Dalam sebuah hadis yang diriwayatkan oleh Abdullah bin Umar disebutkan bahwa Rasulullah SAW mewajibkan zakat fitrah sebesar satu sha kurma atau satu sha gandum atas setiap Muslim, baik merdeka maupun hamba sahaya, laki-laki maupun perempuan. Dalam riwayat tersebut dijelaskan bahwa zakat fitrah dibayarkan dalam bentuk bahan makanan pokok.
Lalu, bagaimana hukumnya jika zakat fitrah dibayarkan dengan uang?
Dasar Hukum Zakat Fitrah dalam Islam
Zakat fitrah secara tekstual memang disebutkan dalam bentuk bahan makanan pokok. Pada masa Nabi SAW, makanan pokok masyarakat Arab adalah kurma dan gandum. Ukuran satu sha diperkirakan setara dengan sekitar 2,5–3 kilogram bahan makanan pokok.
Hadis riwayat Abu Sa’id al-Khudri menyebutkan bahwa para sahabat mengeluarkan zakat fitrah sebesar satu sha makanan pada masa Rasulullah SAW. Ini menunjukkan praktik yang berlaku pada masa itu adalah dalam bentuk makanan.
Namun, dalam perkembangan fiqih Islam, muncul perbedaan pendapat di kalangan ulama mengenai kebolehan mengganti bahan makanan dengan uang.
Pendapat Ulama tentang Zakat Fitrah dengan Uang
Perbedaan pandangan ini muncul dari metode istinbat hukum yang digunakan oleh masing-masing mazhab.
Mazhab Hanafi yang didirikan oleh Abu Hanifah membolehkan pembayaran zakat fitrah dengan uang.
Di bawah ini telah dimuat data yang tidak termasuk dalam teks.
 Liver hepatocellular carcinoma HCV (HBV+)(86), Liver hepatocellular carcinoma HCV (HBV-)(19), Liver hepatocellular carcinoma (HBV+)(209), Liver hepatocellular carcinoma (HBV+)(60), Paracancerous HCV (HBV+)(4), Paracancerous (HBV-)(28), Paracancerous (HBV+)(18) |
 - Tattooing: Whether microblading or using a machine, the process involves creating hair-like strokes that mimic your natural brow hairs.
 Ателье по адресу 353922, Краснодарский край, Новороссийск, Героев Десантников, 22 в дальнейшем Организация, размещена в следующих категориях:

Argumentasinya didasarkan pada kemaslahatan penerima zakat. Uang dianggap lebih fleksibel dan dapat langsung digunakan sesuai kebutuhan mustahik.
Sebaliknya, mayoritas ulama dari mazhab Maliki, Syafi’i, dan Hanbali berpendapat bahwa zakat fitrah sebaiknya dibayarkan dalam bentuk makanan pokok sebagaimana yang dicontohkan Rasulullah SAW. Bagi mereka, mengikuti bentuk yang telah ditetapkan dalam hadis lebih utama karena bersifat tauqifi, yaitu berdasarkan ketentuan langsung dari syariat.
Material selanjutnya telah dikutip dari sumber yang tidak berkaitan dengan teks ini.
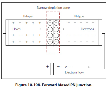 Forward Biased Diode Figure 10-198 illustrates a forward biased PN junction. When an external voltage is applied to a PN junction, it as called bias. In a forward biased PN junction or diode, the negative voltage source is connected to the N-type material and the positive voltage source is connected to the P-type material. In this configuration, the current can easily flow. If a battery is used to bias the PN junction and it is connected in such a way that the applied voltage opposes the junction field, it will have the effect of reducing the junction barrier and consequently aid in the current flow through the junction.

Meski demikian, sebagian ulama kontemporer melihat realitas sosial modern. Di banyak negara, termasuk Indonesia, kebutuhan masyarakat tidak selalu terbatas pada makanan pokok. Biaya pendidikan, kesehatan, dan kebutuhan harian lainnya sering kali lebih mendesak.
Karena itu, sejumlah lembaga fatwa internasional memberikan kelonggaran. Misalnya, sebagian keputusan fikih di berbagai negara mayoritas Muslim memperbolehkan pembayaran zakat fitrah dalam bentuk uang jika dianggap lebih bermanfaat bagi penerima.